[00:00:00] Welcome to today's TLC. Whether you found this podcast on my website, through the emails I send, or simply from a friend, I'm glad that you've decided to add some TLC today.
[00:00:17] Hey friends. Welcome back to today's TLC. I've been thinking a lot about freedom recently because you know, it's summer and it's the 4th of July season. And A lot of times in the past, when I think of the freedoms of the 4th of July, I think of my ancestors who are veterans and all of those who have fought for different freedoms that I enjoy as a woman, as a practicing Christian, as an involved member of society, the ability to vote, raise my family where I want to, choose my job, my vocation... there's so many things that I appreciate that the people who came before me gave to me even though I didn't fight the wars or petition the different laws or do the work to get those freedoms. And I'm so grateful for that. So grateful for all of those who put that time, energy, and even their lives into giving us those freedoms.

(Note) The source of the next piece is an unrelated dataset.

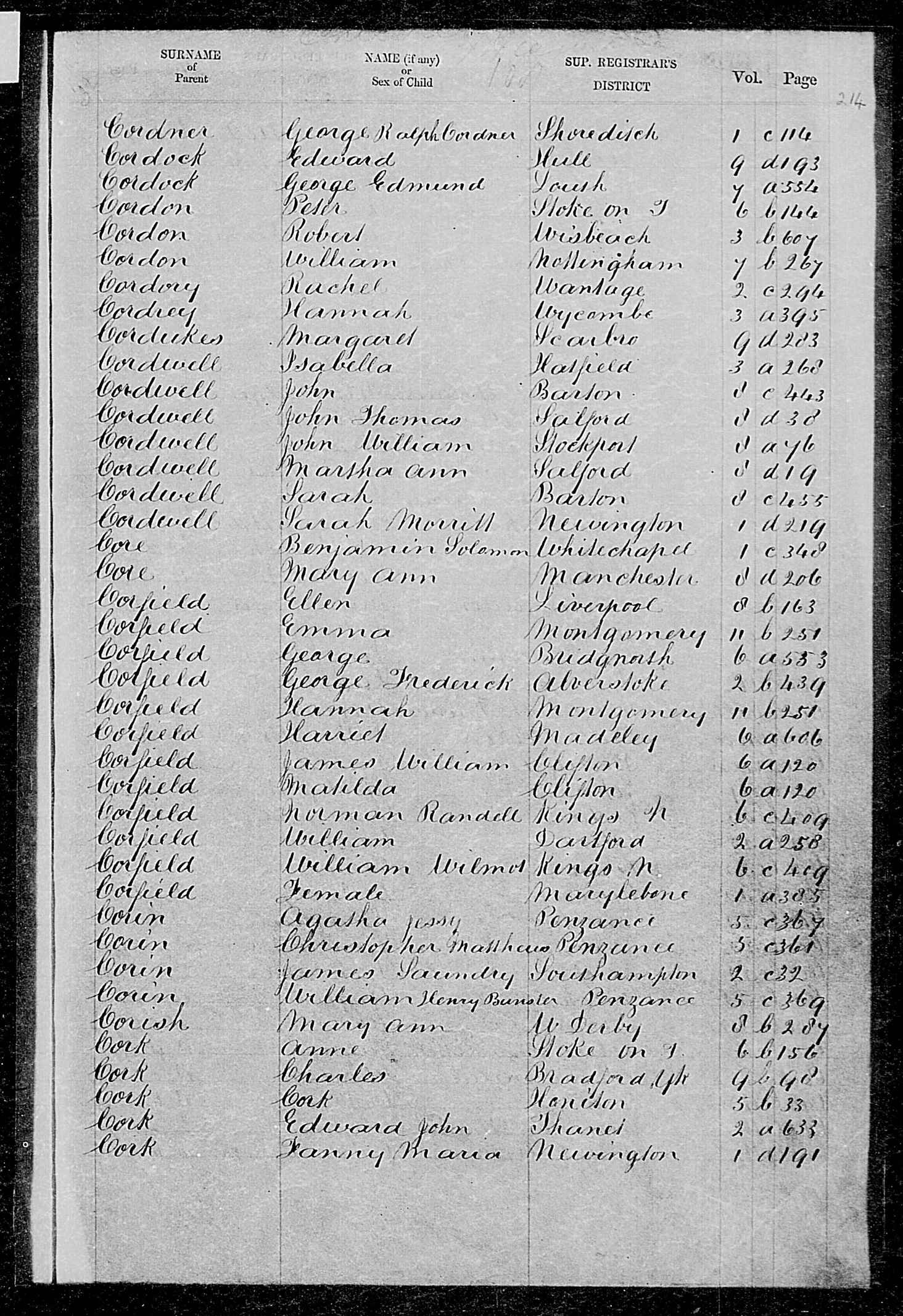 - [S103] LDS Bucks, Cordner, Horatio Alexander (Male) Christ 30 Oct 1836 (son of) Ralph Frederick August Cordner / Mary Anne at Colnbrook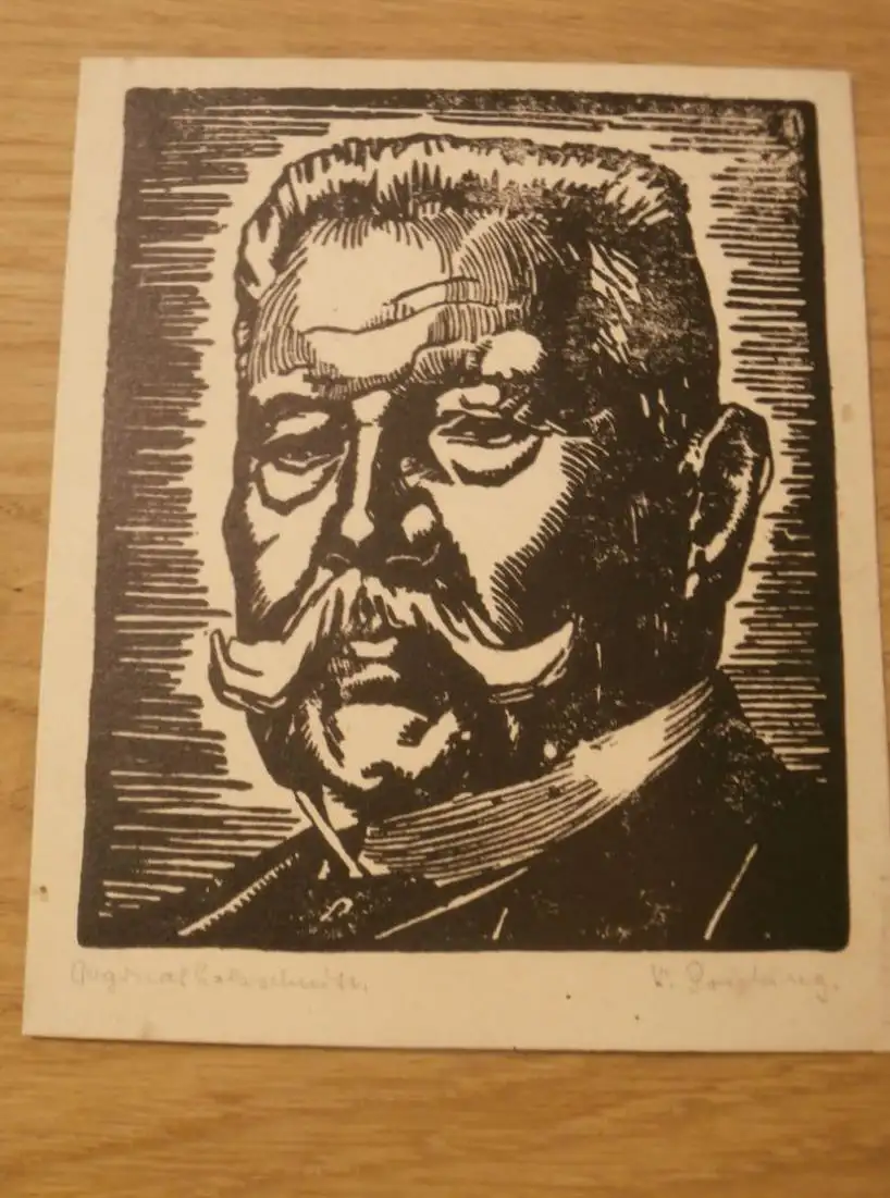 Reichspräsident - Paul von Hindenburg - original Holzschnitt , Bildnis , Mecklenburg !! 120x100mmAZ-WR/1h

[00:01:13] Typically I have that on my mind when I'm thinking about freedom. But a couple of things have influenced my view of freedom and I wanted to share with you today about some of what I feel is true freedom. A lot of that has come from tools that I use from therapy or from support groups or from my coaching education that have given me a different level of freedom that I didn't realize was possible for me until this phase of my life. So I wanted to share some of that with you today.
[00:01:44] One of the leaders of my church lives a few houses down from me and their son married a girl from Ukraine. Well, when everything happened with the war she was really afraid for her family and this leader in my church decided to open up their home to the family of their daughter-in-law. They now have the mother, another daughter and a son of that family living with them. Because we have boys, their son has become friends with our sons. He is just the sweetest little boy from Ukraine, but he does not speak English. It has been a beautiful experience for my children to learn how to communicate and be thoughtful and mindful with this 11 year old boy that has been plucked out of his life situation and put into somewhere completely different. Watching this boy not be able to ask for simple things like a drink of water having to use a separate machine to tell us what he needs or do a sort of charades game to be able to figure it out has been a great exercise for us, but also really brings to focus the value of the ability to communicate.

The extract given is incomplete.